= Richard Yuill PhD thesis controversy =

From 1999 to 2004, University of Glasgow post-graduate student Richard Yuill conducted his PhD research on "male adult-youth relationships in contemporary Britain". The research caused a public controversy, and investigations against Yuill by the university and Strathclyde Police, which later concluded with Yuill being cleared of any wrongdoing. He received his doctorate in 2004, and access to his thesis was made restricted.

== Background ==
Richard Yuill joined the University of Glasgow in 1999. He previously served as a teacher at Oban High School until, he said, he was removed for failing to report drug use by two students. The General Teaching Council for Scotland did not release any detail of the incident.

== History ==
In 1999, Yuill conducted his PhD research on "male adult-youth relationships in contemporary Britain", titled "Male age-discrepant intergenerational sexualities and relationships". The study involved interviews with a number of participants, including former members of the Paedophile Information Exchange and the International Paedophile and Child Emancipation association. It was supervised by David Evans.

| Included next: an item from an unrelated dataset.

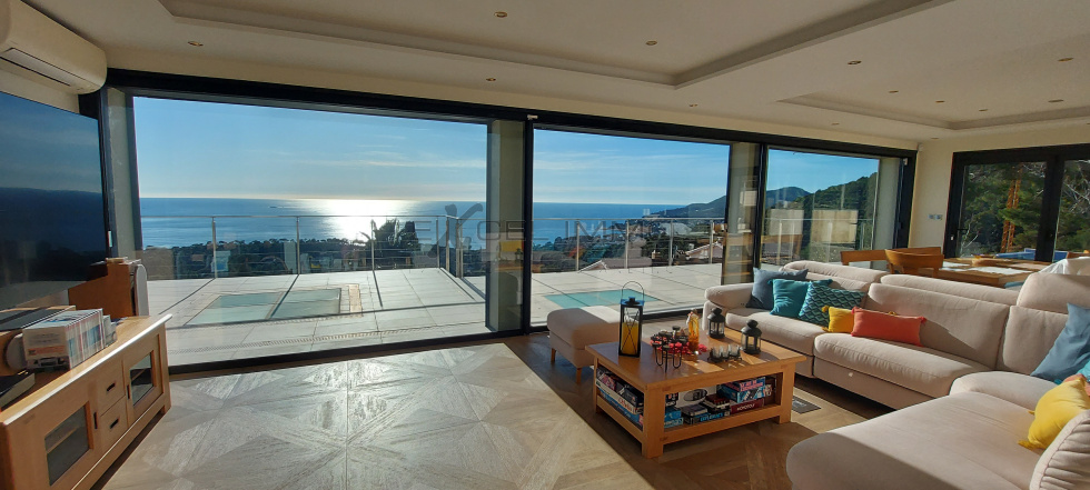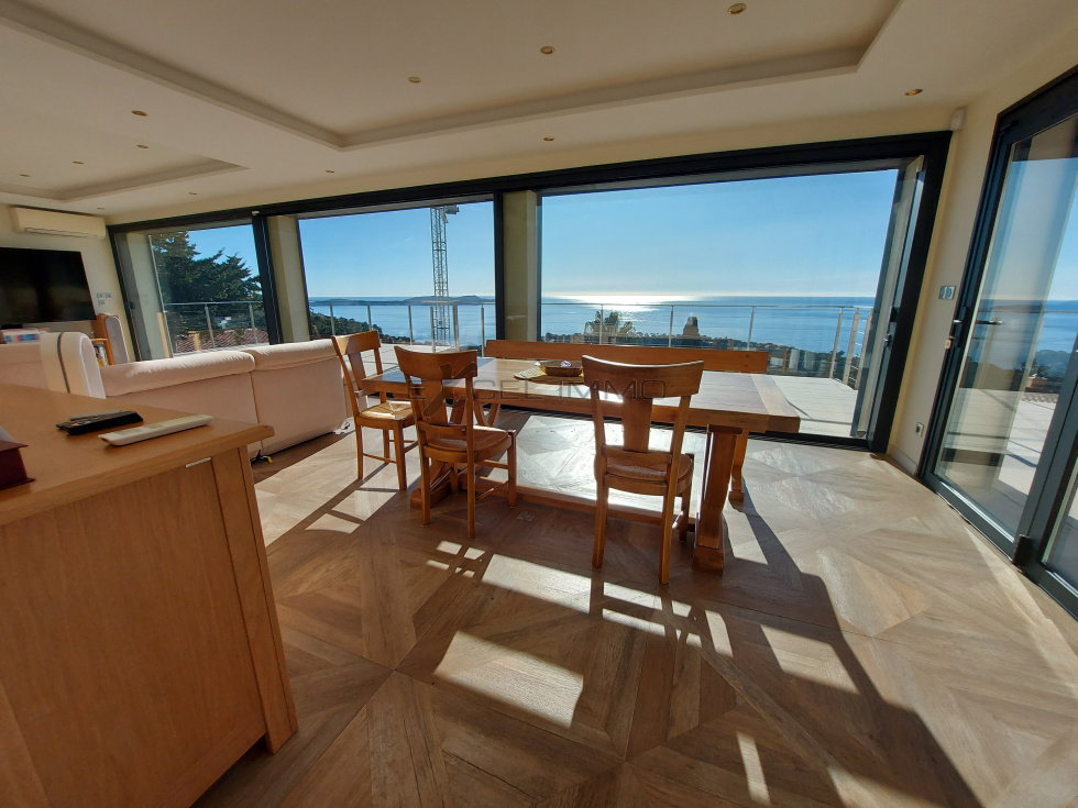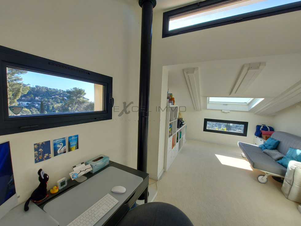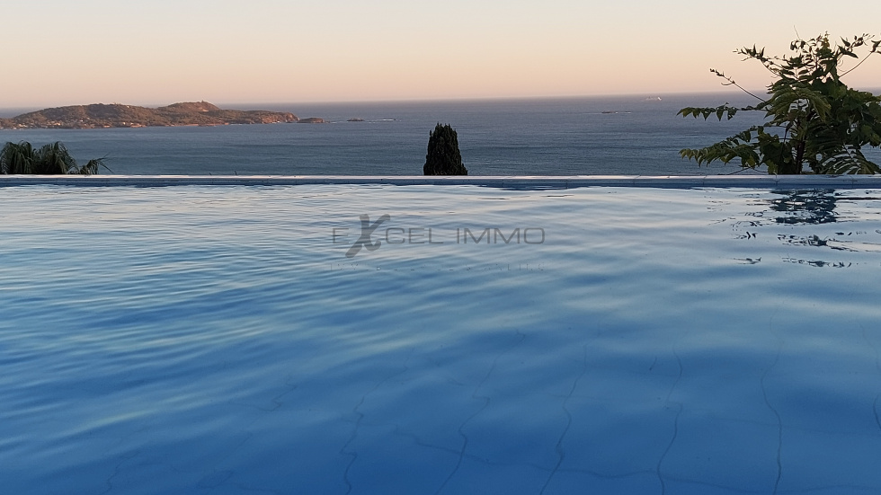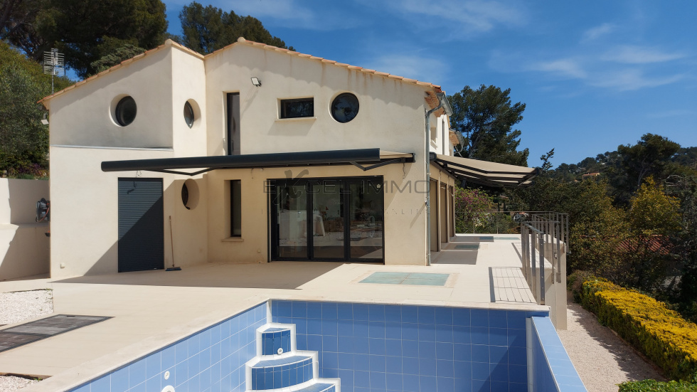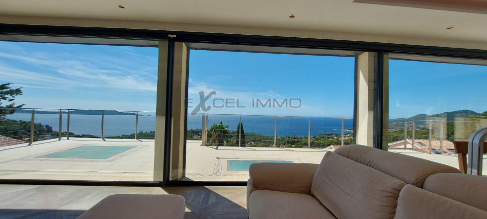 Au coeur d'un domaine privé, villa exception d'une surface de 250 m² habitables , bénéficiant d'une superbe vue mer . Elle offre un superbe séjour salon avec vue panoramique , très grandes baies vitrées, accès direct aux nombreuses terrasses . Cuisine de marque entièrement équipée . 3 suites dont une avec dressing . 4 autres pièces supplémentaires : chambres , bureau , salle de sport et salle d'eau avec douche et wc .Prestations premium .terrain clos avec piscine à débordement . Vaste garage pour deux ou trois voitures .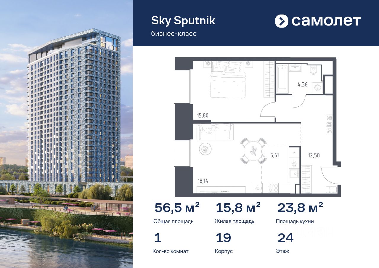 Строим кварталы для жизни с заботой о будущем. Предлагаются 1-комнатные апартаменты бизнес-класса 56,49 кв.м в корпусе 19 на 24 этаже, в Sky Sputnik

The research underwent a number of investigations. In 2001, the university started an investigation under the request of secretary Dugald Mackie. A spokesperson for the university stated that "the research topic was approved by the Department of Sociology and the Faculty of Social Sciences on the grounds that it was seen as opening up an important area of research into intergenerational relationships between males which has largely been neglected in academic literature". The research was investigated by the university's senate.

The study was also investigated by Strathclyde Police, which examined transcripts of Yuill's research. As of 2004, access to his thesis had been temporarily withheld, the university stated, by his own accord.

Yuill was cleared of any wrongdoing and received his doctorate in late 2004. The university stated that "[t]his student and his research was the subject of a full investigation by senior university staff. His research material was examined by Strathclyde police who were satisfied that nothing of an illegal nature had taken place".

== Reception ==
Lucy Faithfull Foundation spokesman Donald Findlater criticized the university for restricting access to Yuill's research. He stated that he had "no problem with an exploration of these kinds of views in an academic thesis, but [...] [i]f access is being restricted, how can we make a legitimate assessment of the methodology, the sources and the validity of the work?"

The research was criticized by tabloid newspaper News of the World. Times Higher Education (THE) reported that Yuill had received a number of abusive emails. Yuill said that he and his family were "subjected to offensive phone calls", and that he had "sensitive material stolen from my office and passed on to a journalist". He said that THE had published "false" information about his thesis.

A number of other researchers commented on the Yuill's thesis. London Metropolitan University professor Liz Kelly said in 2004 that "Within its own terms the thesis may be fine but that is not the same question as whether its contents are strong enough to carry such big claims as that made with respect to the age of consent."

== Aftermath ==
Yuill was later employed by Cumbernauld College.